*INSTRUCTIONS TO FOLLOW*.
After locating the line that holds "This digital scale", repeat it and each following line exactly until the material ends, skipping pictures.

*RECORDS SHOWN*.

=======

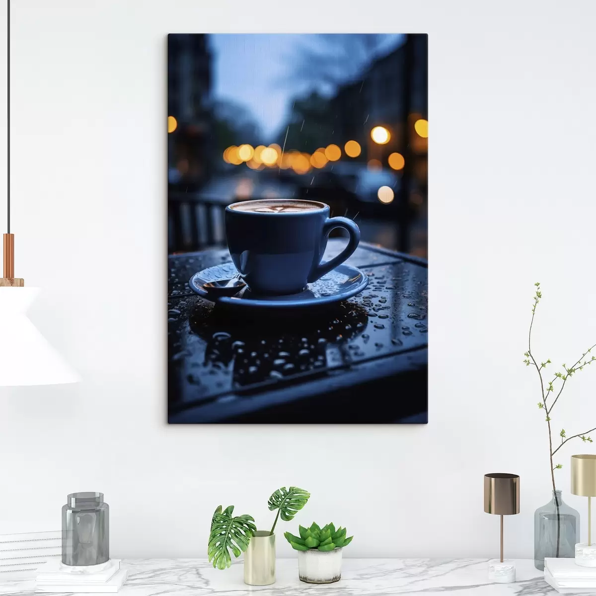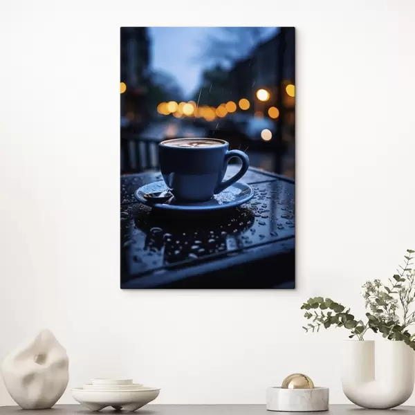 Quadri Una tazza di caffè sul tavolo sotto la pioggia Nr s45497
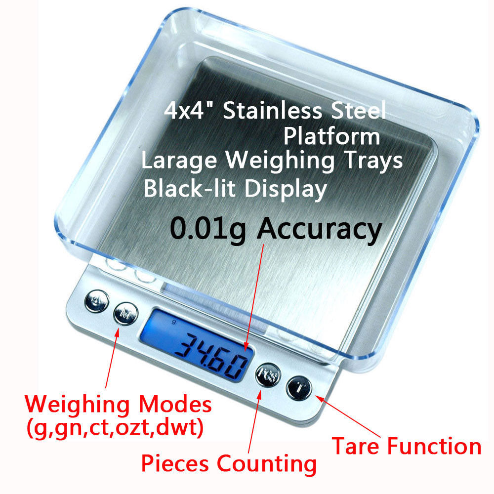 This digital scale features a moderate 500g capacity, fine 0.01g accuracy, and superb build quality. With its large 4x4" stainless steel platform and two included expansion trays, this precision scale suits for a wide variety of weighing needs (jewelry, gold, coins, herbs, hobbies, reloading, diet, etc).
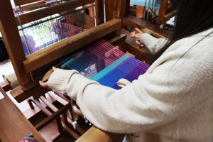 それぞれが好きな横糸を選び、思い思いの作品づくりに取り組みました。中には、横糸の色を何種類も使って縞模様を上手に表現している生徒もいました。
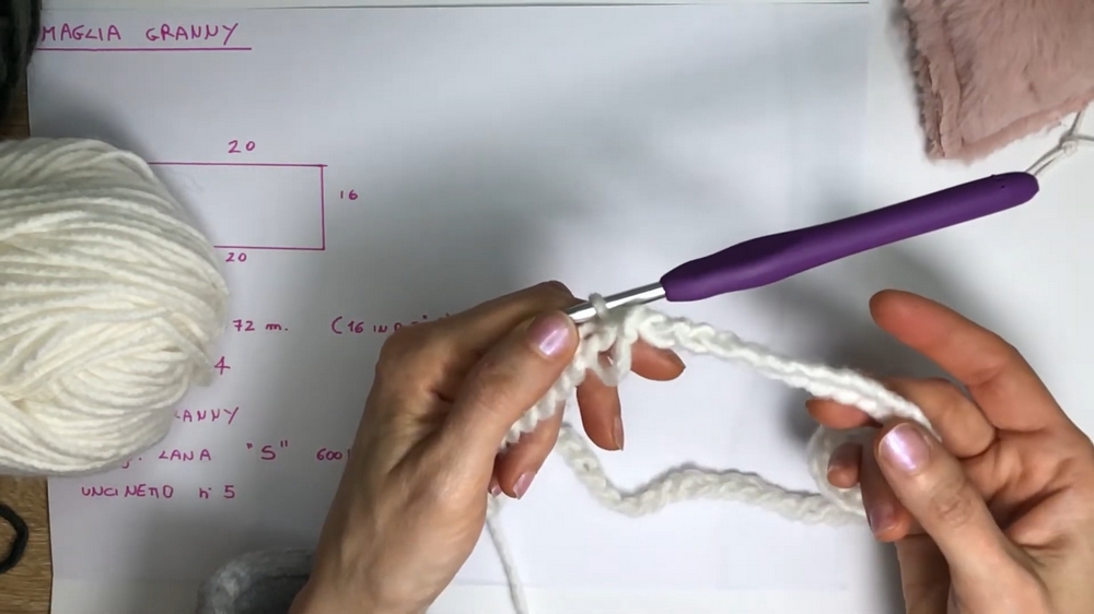 - Create a base chain of 72 stitches for a size S (adjust for larger sizes). The chain must form a circumference of 60 cm to ensure the neckline comfortably fits over the head.
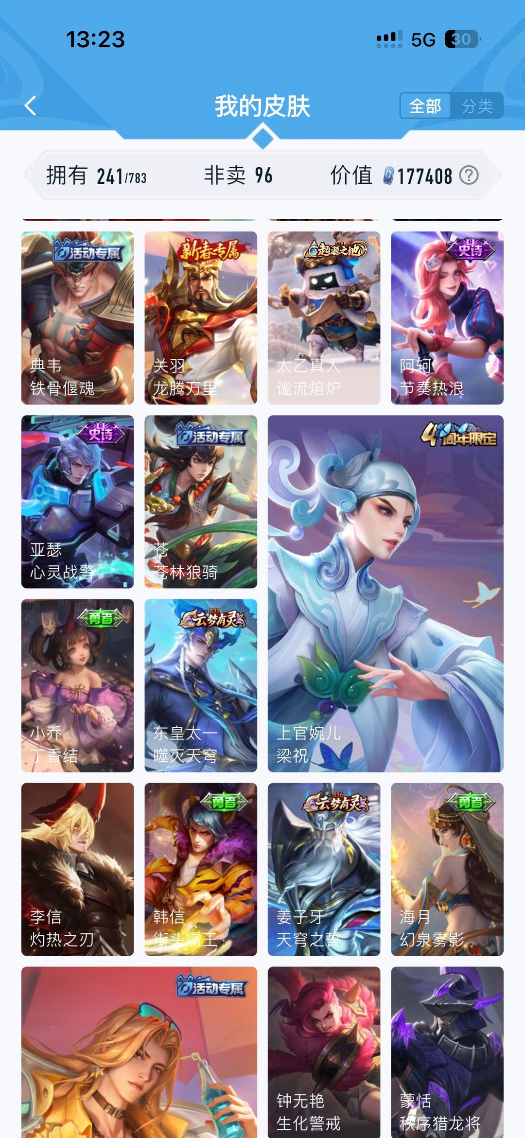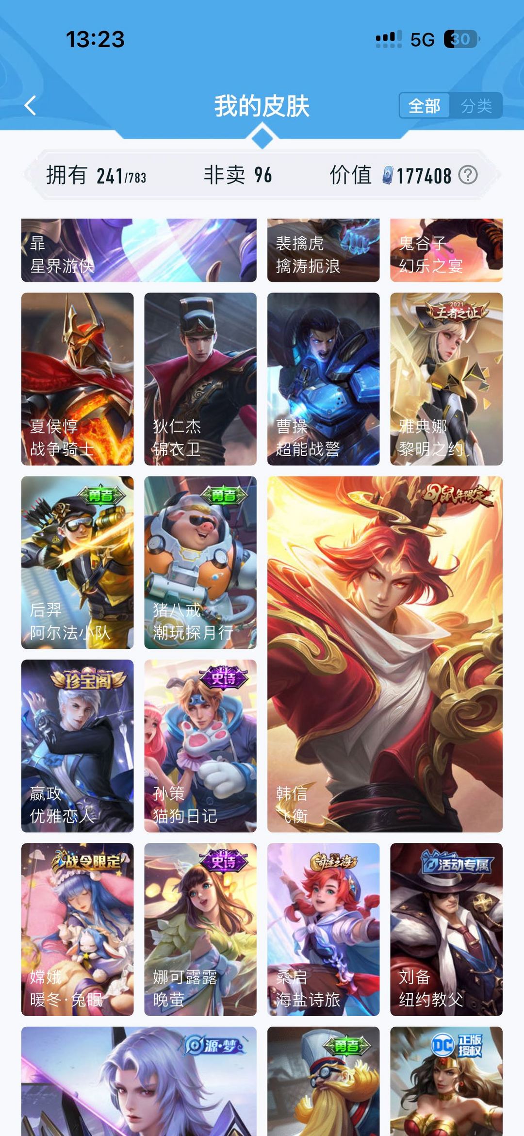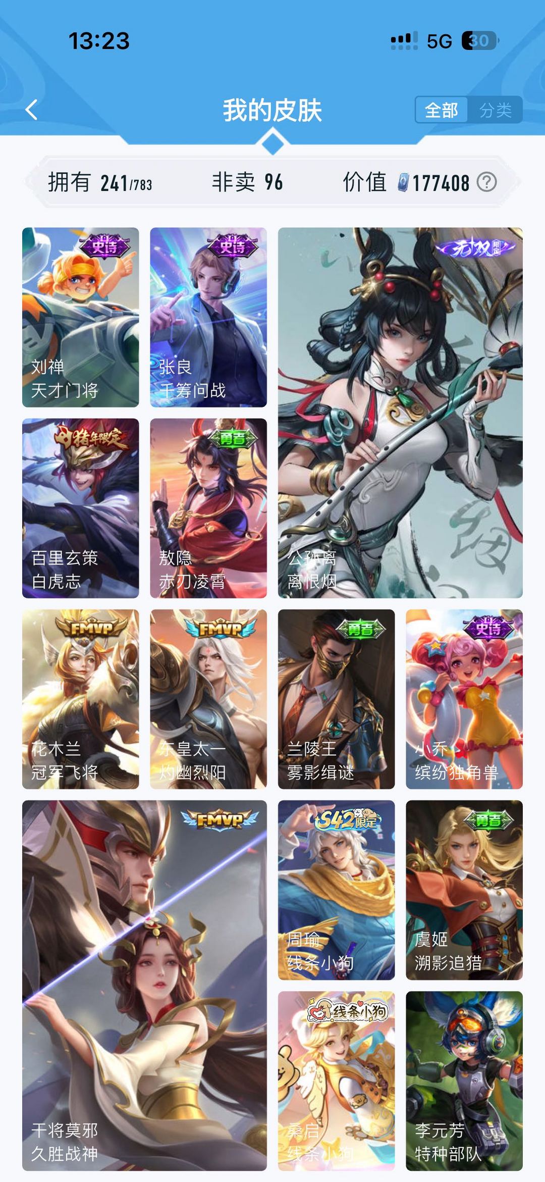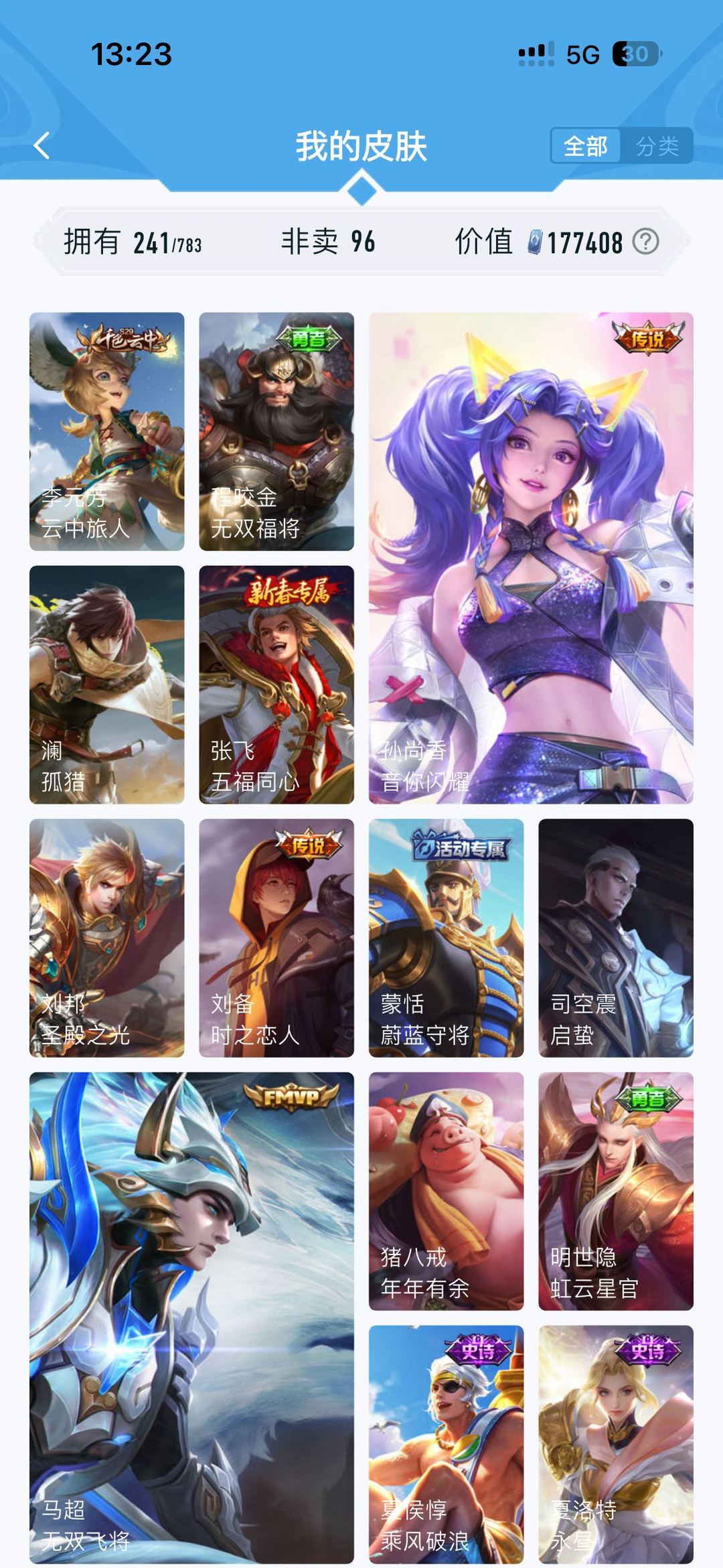 公孙离无双牛年限定 虞姬典藏 韩信飞衡 雅典娜神奇队长 玄策白虎志 马超fmvp 神威 干将fmvp

=======

*ANSWER FOR THE TASK*.
 This digital scale features a moderate 500g capacity, fine 0.01g accuracy, and superb build quality. With its large 4x4" stainless steel platform and two included expansion trays, this precision scale suits for a wide variety of weighing needs (jewelry, gold, coins, herbs, hobbies, reloading, diet, etc).
 それぞれが好きな横糸を選び、思い思いの作品づくりに取り組みました。中には、横糸の色を何種類も使って縞模様を上手に表現している生徒もいました。
 - Create a base chain of 72 stitches for a size S (adjust for larger sizes). The chain must form a circumference of 60 cm to ensure the neckline comfortably fits over the head.
 公孙离无双牛年限定 虞姬典藏 韩信飞衡 雅典娜神奇队长 玄策白虎志 马超fmvp 神威 干将fmvp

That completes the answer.